Activity:
Please write out the listing exactly, leaving each picture out.

Data segment:

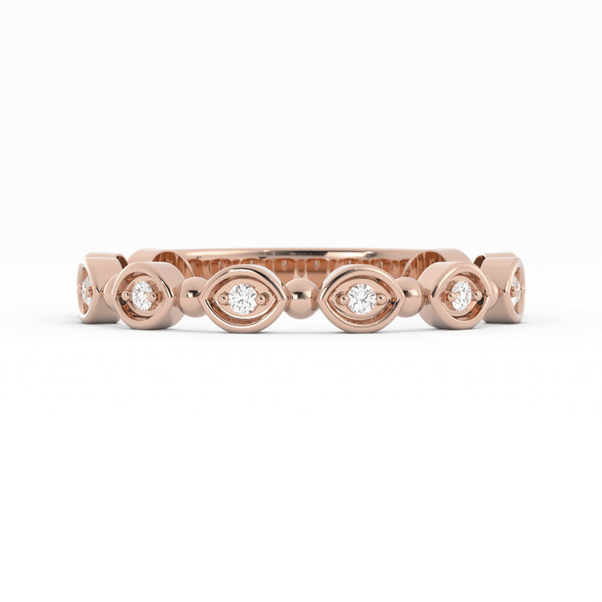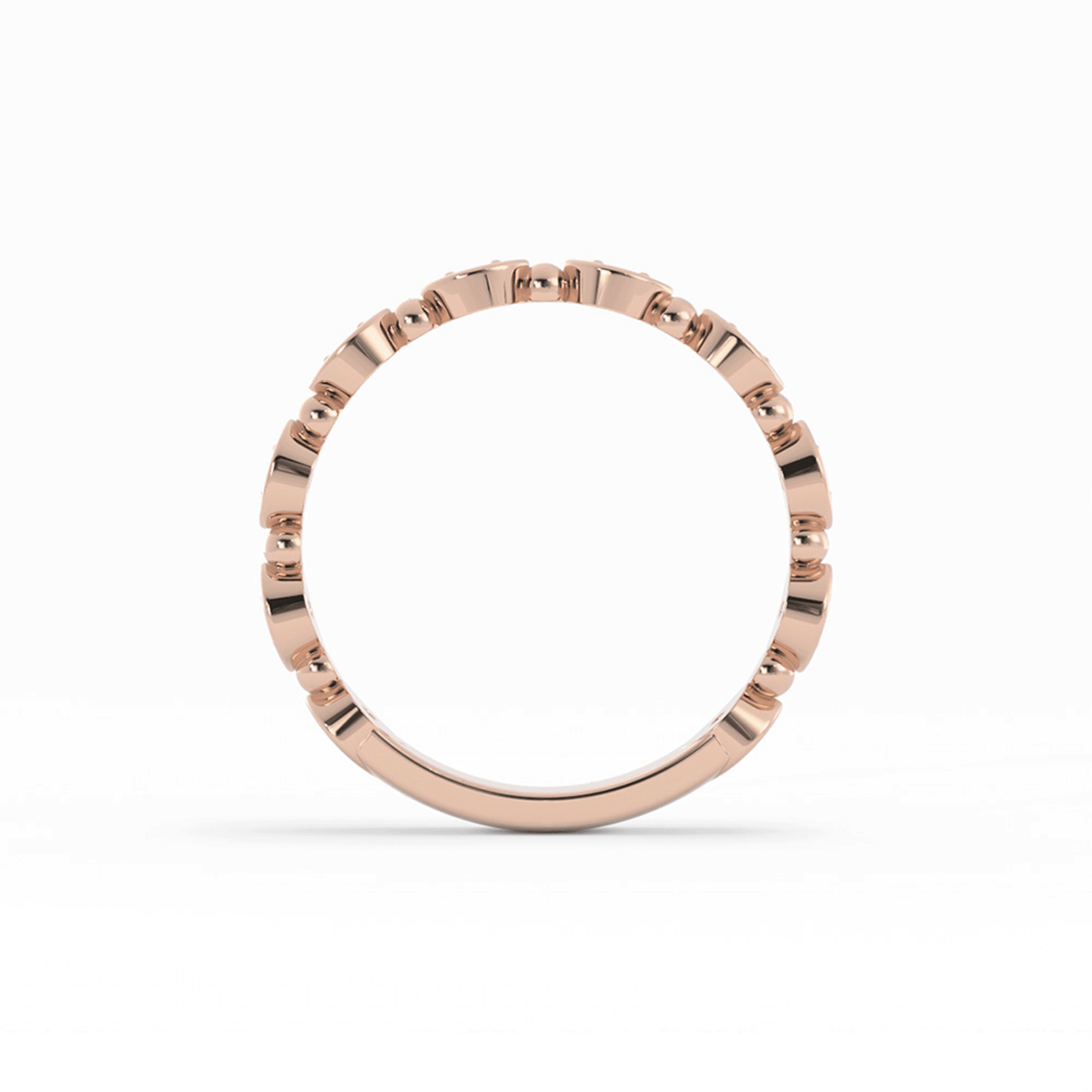 14K Rose Gold Round Bead and Eyelet Natural Diamond Wedding Band
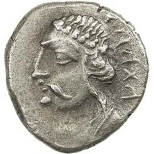 | Reverse description | Archer standing while holding bow to the right, all surrounded by distorted Greek legend. |
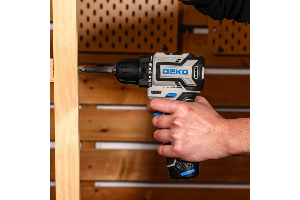 Аккумуляторная бесщеточная компактная дрель-шуруповерт DEKO Loner 12V PRO в кейсе, 12В, 2x3.0Ач 085-1011

Solution to the problem:
 14K Rose Gold Round Bead and Eyelet Natural Diamond Wedding Band
 | Reverse description | Archer standing while holding bow to the right, all surrounded by distorted Greek legend. |
 Аккумуляторная бесщеточная компактная дрель-шуруповерт DEKO Loner 12V PRO в кейсе, 12В, 2x3.0Ач 085-1011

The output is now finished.